County of Monroe Industrial Development Agency Meeting Minutes Indexer
This tool was created to index meeting minutes (notes) for the County of Monroe Industrial Development Agency (COMIDA). The tool has two parts:
- A web scraper that pulls down the pdf documents, converts them, and then indexes them.
- A small web application that allows for simple searching of these indexed documents.

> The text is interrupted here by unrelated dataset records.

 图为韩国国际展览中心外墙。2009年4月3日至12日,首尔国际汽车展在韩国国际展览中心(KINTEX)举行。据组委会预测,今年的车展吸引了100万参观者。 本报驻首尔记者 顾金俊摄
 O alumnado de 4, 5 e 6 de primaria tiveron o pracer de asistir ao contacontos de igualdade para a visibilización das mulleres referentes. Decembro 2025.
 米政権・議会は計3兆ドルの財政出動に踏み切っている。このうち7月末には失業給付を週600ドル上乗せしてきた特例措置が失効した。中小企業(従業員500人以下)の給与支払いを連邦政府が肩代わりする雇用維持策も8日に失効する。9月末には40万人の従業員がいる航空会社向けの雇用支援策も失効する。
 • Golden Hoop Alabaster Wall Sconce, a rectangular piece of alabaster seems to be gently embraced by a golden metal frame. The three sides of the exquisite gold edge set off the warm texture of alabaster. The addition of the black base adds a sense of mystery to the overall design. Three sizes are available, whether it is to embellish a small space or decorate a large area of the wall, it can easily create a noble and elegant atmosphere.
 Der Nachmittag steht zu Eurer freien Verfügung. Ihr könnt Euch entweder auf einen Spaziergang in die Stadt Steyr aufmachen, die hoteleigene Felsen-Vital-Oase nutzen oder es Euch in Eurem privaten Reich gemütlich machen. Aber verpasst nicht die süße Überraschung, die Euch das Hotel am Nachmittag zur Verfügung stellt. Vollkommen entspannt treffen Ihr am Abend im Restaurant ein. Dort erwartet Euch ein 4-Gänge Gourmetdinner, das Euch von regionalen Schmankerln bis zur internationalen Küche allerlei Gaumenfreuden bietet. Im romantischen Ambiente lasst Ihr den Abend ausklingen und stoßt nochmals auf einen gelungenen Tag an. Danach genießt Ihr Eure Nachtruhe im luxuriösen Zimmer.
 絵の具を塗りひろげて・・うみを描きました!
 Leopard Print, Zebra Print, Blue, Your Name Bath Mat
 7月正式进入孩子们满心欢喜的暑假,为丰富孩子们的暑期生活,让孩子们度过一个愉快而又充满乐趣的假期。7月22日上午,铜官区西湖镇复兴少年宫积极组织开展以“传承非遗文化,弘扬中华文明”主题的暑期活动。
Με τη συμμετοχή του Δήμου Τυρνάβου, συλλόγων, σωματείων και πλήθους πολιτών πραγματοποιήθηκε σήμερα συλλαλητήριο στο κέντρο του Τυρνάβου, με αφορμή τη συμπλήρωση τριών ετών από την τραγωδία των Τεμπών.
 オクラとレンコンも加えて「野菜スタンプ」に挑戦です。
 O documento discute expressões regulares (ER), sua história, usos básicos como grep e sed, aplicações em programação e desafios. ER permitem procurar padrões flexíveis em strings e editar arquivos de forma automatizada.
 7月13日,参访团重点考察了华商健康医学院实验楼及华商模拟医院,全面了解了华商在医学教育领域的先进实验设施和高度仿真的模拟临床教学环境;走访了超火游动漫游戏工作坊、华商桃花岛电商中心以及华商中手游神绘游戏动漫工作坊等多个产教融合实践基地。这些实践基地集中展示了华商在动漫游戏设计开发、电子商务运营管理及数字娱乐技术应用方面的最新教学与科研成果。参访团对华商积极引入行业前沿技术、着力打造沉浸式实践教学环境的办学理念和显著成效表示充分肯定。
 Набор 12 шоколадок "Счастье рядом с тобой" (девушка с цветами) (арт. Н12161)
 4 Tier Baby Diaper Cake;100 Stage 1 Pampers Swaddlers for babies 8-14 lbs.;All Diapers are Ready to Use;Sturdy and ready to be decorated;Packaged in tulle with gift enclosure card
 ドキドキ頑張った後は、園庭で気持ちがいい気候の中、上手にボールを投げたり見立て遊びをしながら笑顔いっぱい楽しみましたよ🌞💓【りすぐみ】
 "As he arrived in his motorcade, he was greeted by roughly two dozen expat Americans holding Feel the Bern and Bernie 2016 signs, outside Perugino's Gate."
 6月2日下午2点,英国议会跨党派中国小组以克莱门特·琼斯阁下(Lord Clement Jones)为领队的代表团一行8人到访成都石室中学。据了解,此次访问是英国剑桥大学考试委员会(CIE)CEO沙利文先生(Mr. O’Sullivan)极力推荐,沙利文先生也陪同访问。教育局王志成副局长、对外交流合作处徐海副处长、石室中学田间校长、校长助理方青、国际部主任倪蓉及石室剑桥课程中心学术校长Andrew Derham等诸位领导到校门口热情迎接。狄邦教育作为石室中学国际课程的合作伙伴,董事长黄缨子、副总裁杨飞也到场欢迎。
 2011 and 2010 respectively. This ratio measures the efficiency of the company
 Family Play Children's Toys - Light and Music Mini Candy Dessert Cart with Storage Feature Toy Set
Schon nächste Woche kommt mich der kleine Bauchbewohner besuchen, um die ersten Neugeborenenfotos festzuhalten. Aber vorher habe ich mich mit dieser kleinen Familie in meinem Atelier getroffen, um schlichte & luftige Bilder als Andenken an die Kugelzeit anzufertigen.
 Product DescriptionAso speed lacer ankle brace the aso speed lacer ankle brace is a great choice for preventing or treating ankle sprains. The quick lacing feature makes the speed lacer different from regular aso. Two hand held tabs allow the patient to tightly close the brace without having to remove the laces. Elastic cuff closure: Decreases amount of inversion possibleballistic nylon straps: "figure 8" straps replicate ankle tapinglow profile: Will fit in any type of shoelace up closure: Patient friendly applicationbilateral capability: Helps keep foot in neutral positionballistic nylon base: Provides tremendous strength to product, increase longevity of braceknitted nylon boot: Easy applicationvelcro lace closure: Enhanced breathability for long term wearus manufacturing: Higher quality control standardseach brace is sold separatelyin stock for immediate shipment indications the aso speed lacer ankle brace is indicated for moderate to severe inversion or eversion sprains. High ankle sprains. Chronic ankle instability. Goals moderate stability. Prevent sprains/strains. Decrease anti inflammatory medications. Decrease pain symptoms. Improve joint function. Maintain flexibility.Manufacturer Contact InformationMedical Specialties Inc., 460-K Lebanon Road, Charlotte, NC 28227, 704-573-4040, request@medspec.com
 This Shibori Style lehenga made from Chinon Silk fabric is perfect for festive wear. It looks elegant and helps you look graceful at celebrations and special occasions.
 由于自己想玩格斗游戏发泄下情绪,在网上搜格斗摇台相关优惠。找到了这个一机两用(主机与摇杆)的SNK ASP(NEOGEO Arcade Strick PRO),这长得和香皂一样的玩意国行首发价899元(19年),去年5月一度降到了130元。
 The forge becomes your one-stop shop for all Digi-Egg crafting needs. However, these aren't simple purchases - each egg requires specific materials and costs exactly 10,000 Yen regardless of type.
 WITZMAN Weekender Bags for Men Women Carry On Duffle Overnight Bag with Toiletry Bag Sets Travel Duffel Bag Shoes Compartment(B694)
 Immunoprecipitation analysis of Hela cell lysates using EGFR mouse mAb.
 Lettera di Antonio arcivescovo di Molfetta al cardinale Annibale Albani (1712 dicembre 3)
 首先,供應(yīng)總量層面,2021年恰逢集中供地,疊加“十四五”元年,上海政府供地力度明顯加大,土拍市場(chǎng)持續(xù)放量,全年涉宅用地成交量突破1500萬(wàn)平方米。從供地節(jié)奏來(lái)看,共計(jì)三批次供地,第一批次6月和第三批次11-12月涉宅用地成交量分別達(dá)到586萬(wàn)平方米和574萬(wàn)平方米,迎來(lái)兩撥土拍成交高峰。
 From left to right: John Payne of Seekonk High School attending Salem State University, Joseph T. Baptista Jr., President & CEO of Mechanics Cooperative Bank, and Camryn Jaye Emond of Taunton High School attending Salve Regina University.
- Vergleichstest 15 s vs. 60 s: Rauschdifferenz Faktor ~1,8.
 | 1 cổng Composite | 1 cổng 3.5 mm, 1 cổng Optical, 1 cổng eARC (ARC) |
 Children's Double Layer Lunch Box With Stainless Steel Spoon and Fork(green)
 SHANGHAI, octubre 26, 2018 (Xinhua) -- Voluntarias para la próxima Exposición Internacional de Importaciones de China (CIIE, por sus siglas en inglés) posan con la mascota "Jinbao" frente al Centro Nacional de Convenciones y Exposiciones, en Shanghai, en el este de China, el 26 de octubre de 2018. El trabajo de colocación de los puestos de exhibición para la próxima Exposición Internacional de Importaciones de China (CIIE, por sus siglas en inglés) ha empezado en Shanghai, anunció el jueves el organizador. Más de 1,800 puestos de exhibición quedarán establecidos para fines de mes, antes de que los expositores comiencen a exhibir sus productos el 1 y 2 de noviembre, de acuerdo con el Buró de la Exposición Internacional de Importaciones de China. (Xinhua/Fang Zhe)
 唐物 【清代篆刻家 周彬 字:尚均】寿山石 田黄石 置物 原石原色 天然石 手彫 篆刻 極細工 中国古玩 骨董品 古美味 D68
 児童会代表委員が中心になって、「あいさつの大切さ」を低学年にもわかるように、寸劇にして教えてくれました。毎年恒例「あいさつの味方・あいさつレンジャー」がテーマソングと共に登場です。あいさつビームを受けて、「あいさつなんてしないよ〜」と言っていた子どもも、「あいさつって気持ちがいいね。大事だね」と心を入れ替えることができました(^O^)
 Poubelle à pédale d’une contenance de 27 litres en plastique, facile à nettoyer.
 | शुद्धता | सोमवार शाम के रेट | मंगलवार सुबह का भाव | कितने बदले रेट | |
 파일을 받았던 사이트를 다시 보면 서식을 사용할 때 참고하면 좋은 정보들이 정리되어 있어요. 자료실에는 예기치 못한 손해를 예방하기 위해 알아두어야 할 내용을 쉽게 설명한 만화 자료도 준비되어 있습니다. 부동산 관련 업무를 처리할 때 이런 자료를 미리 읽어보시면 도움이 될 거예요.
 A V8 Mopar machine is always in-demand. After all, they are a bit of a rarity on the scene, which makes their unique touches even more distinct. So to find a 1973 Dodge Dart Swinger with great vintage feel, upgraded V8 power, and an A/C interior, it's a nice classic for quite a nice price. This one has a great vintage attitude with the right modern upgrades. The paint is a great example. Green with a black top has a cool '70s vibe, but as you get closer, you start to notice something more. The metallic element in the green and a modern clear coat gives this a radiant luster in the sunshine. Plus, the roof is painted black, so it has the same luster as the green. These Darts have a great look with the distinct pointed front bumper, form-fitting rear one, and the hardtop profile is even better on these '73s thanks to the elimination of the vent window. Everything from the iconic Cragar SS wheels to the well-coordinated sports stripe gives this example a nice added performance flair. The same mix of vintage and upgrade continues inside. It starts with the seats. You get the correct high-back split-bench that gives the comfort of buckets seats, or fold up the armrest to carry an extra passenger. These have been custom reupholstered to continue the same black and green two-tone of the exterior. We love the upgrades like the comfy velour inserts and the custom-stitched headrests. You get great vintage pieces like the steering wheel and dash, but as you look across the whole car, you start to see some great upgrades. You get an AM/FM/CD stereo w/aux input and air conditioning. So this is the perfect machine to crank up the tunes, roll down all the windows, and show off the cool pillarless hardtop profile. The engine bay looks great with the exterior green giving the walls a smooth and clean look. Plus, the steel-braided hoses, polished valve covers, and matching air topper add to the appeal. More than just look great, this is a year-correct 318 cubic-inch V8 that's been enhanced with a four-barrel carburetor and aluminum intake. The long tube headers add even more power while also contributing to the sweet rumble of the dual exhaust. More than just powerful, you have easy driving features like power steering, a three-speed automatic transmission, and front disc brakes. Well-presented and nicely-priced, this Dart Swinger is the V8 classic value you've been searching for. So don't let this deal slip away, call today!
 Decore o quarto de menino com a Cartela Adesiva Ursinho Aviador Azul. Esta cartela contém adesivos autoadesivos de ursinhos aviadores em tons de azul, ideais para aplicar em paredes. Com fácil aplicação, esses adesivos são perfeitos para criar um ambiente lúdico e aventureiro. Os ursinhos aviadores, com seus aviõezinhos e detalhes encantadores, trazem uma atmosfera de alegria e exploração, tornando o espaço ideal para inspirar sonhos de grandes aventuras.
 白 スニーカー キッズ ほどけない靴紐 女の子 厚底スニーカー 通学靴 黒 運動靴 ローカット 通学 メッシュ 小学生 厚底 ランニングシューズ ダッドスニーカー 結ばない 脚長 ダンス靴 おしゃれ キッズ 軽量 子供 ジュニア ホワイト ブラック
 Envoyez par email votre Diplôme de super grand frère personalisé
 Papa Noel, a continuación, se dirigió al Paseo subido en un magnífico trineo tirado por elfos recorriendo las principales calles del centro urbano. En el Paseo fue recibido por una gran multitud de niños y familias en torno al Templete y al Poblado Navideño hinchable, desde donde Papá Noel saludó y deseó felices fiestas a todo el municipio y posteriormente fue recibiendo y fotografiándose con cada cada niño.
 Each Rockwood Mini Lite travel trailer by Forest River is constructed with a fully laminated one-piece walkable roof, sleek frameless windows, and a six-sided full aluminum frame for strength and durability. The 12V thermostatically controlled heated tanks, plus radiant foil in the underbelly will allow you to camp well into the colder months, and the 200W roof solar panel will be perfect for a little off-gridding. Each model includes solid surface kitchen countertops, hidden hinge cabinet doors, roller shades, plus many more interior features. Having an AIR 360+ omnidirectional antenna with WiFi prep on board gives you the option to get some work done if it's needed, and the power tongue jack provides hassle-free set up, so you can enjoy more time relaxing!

You can see a live demo of this code here
First, if you don't already, install virtualenv
> sudo pip install virtualenv virtualenvwrapper
> source /usr/bin/virtualenvwrapper.sh
Pull down the repo (and sub repos)
> git clone https://github.com/hhroc/COMIDA-Minutes-Indexer
> cd BarkingOwl
> git clone https://github.com/thequbit/BarkingOwl
> cd ../unpdfer
> git clone https://github.com/thequbit/unpdfer
> cd ../dler
> git clone https://github.com/thequbit/dler
> cd ..
Next, create a virtual enviornment to install packages to.
> mkvirtualenv comida
To run the scraper, you will need to install these python dependancies:
> pip install pdfminer==20110515
> pip install BeautifulSoup4
> pip install elasticsearch
> pip install python-magic
To run the web app, you will need to install these python dependancies:
> pip install pymongo
> pip install flask
You will finally need to install the following applications to run the scraper and web app:
Ubuntu:
> sudo apt-get install elasticsearch
> sudo apt-get install mongodb
Fedora:
> sudo yum install elasticsearch
> sudo yum install mongo-10gen mongo-10gen-server